**Required work**
Drop the images; return everything else in the listing below exactly.

**Available data**
=== Section Start ===

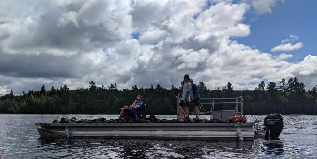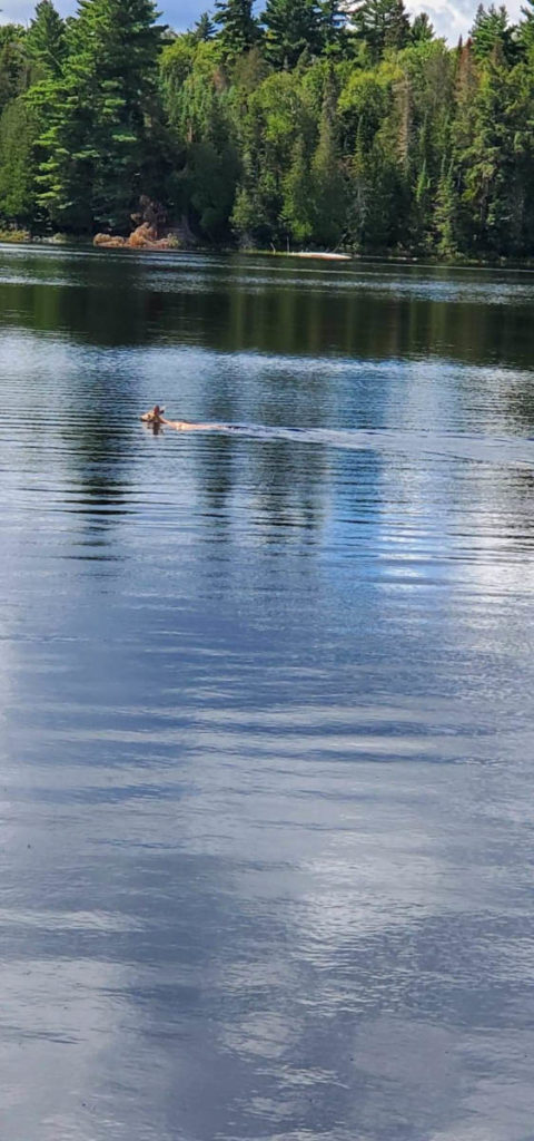 With a quick stop at Camp Pathfinder for our official picture, we took a quick lunch break on the 10 m lift over at the end of Source Lake. Here we had a baby deer come out of the woods and scamper around before heading into the water for a swim. This was the biggest wildlife we saw on the entire trip.
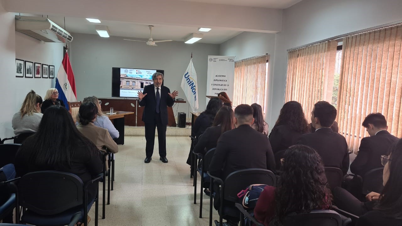 Alumnos de las Licenciaturas en Relaciones Internacionales y Comercio Exterior, de la Uninorte, visitaron la Academia Diplomática y Consular Carlos Antonio López, donde participaron de un coloquio destinado a presentar la Academia y el “Concurso Nacional de Oposición y Méritos para acceder al escalafón diplomático y consular en la categoría de Tercer Secretario”.
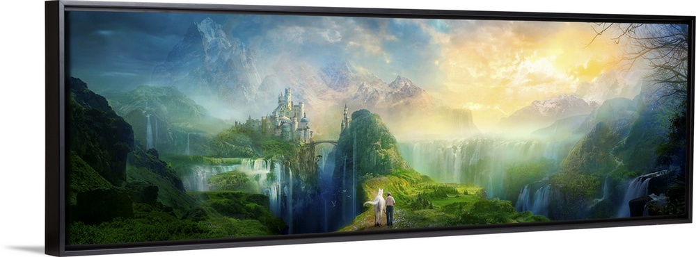 <p>Fantasy artwork of man walking a white horse through a magical and serene looking valley, with endless waterfalls and a castle in the distance.</p>

=== Section End ===

**Reply**
 With a quick stop at Camp Pathfinder for our official picture, we took a quick lunch break on the 10 m lift over at the end of Source Lake. Here we had a baby deer come out of the woods and scamper around before heading into the water for a swim. This was the biggest wildlife we saw on the entire trip.
 Alumnos de las Licenciaturas en Relaciones Internacionales y Comercio Exterior, de la Uninorte, visitaron la Academia Diplomática y Consular Carlos Antonio López, donde participaron de un coloquio destinado a presentar la Academia y el “Concurso Nacional de Oposición y Méritos para acceder al escalafón diplomático y consular en la categoría de Tercer Secretario”.
 <p>Fantasy artwork of man walking a white horse through a magical and serene looking valley, with endless waterfalls and a castle in the distance.</p>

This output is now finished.